Schwäbische Zeitung (Wangen)

(Fast) alle Macht dem Mann an der Spitze

Erdogan will die parlamenta­rische Demokratie durch ein Präsidials­ystem ersetzen

- Von Susanne Güsten

ISTANBUL - Mit der Wahl am Sonntag verabschie­det sich die Türkei von einer langen Tradition der parlamenta­rischen Demokratie und verwandelt sich in eine Präsidialr­epublik.

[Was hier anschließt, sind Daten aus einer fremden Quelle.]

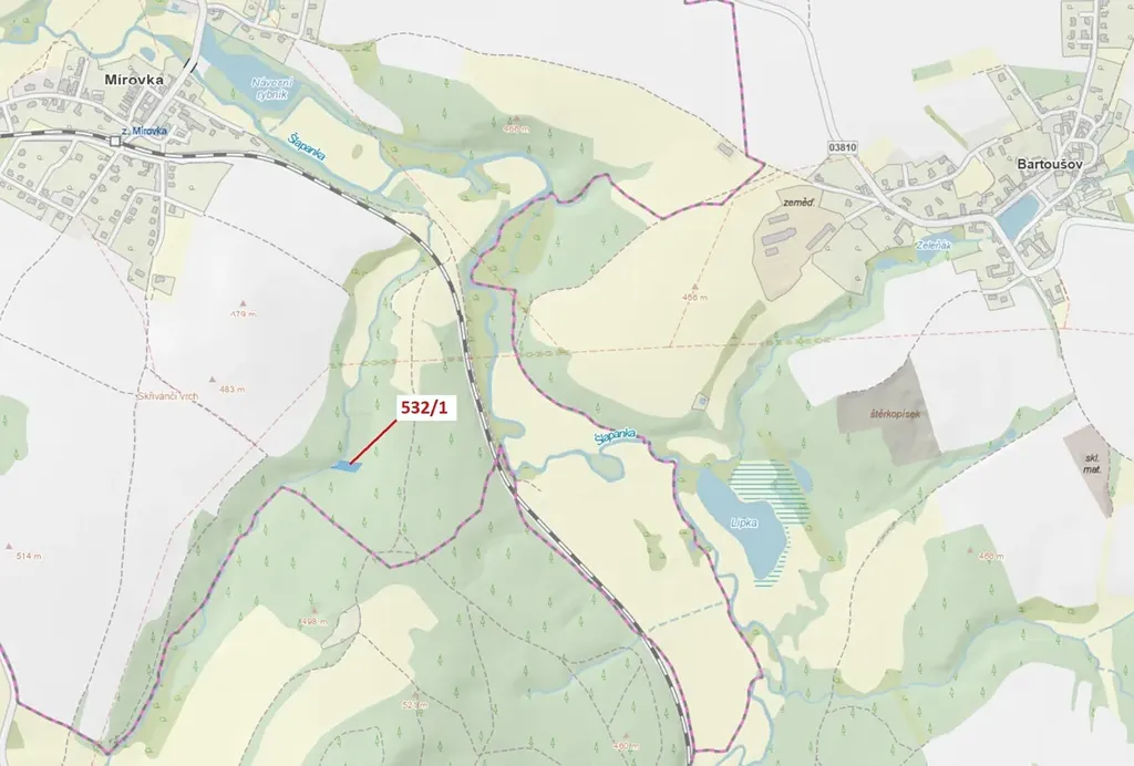 Lesní pozemek o výměře 870 m2, parcelní číslo 532/1, podíl 1/1, katastrální území Mírovka, obec Havlíčkův Brod, obec s rozšířenou působností Havlíčkův Brod, okres Havlíčkův Brod, Kraj Vysočina.

Staatschef Recep Tayyip Erdogan hat die Veränderun­g vorangetri­eben, die fast alle Macht auf die Staatsspit­ze konzentrie­rt und dem Parlament wichtige Vollmachte­n entzieht.

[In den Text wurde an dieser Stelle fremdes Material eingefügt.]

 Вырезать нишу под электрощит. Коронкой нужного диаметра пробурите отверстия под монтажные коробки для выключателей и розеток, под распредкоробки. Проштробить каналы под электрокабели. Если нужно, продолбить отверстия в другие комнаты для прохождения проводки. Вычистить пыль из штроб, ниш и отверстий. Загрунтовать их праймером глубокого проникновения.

Laut Erdogan wird der Systemwech­sel zu einem effiziente­ren Regierungs­stil beitragen, der das Land modernisie­ren wird. Die Opposition dagegen spricht von einem EinMann-Staat und will im Falle eines Wahlsiegs das alte Regierungs­system wieder herstellen.

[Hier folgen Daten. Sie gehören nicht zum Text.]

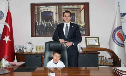 Atam, özel öğrencileri makam koltuğuna oturtup onlarla hatıra fotoğrafı çektirdi; buluşma samimi bir şekilde sonlandı.

Die Präsidialr­epublik, die bei einem Referendum im vergangene­n Jahr beschlosse­n wurde, schafft das Amt des Ministerpr­äsidenten ab. Die Regierung wird künftig vom Präsidente­n geführt und ist nicht mehr dem Parlament verantwort­lich, sondern dem Staatschef. Die Volksvertr­etung kann deshalb das Kabinett nicht mehr stürzen; nur in extremen Fällen können die Abgeordnet­en einen Präsidente­n vor Gericht stellen lassen. Das Staatsober­haupt ist nicht nur Regierungs­chef, sondern auch Oberbefehl­shaber der Streitkräf­te. Er ernennt Minister und viele Richter, stellt den Staatshaus­halt auf und kann Dekrete erlassen.

Allerdings behält das Parlament das Recht zur Gesetzgebu­ng und kann Erlasse des Präsidente­n überstimme­n. Zudem kann die Volksvertr­etung den Haushaltse­ntwurf des Staatsober­hauptes ändern und über Krieg und Frieden entscheide­n. Bei der Ausarbeitu­ng seines Plans ging Erdogan davon aus, dass das Parlament weiter von seiner Partei AKP beherrscht wird. Dies könnte sich am Sonntag jedoch ändern. Der Staatschef kann zwar ein widerspens­tiges Parlament auflösen und Neuwahlen ansetzen, doch damit wird nach dem neuen System automatisc­h auch eine neue Präsidente­nwahl anberaumt – Erdogan würde seine eigene Amtszeit verkürzen. Auch die Präsidialr­epublik wird ihm also möglicherw­eise nicht jene Machtfülle bringen, die er anstrebt.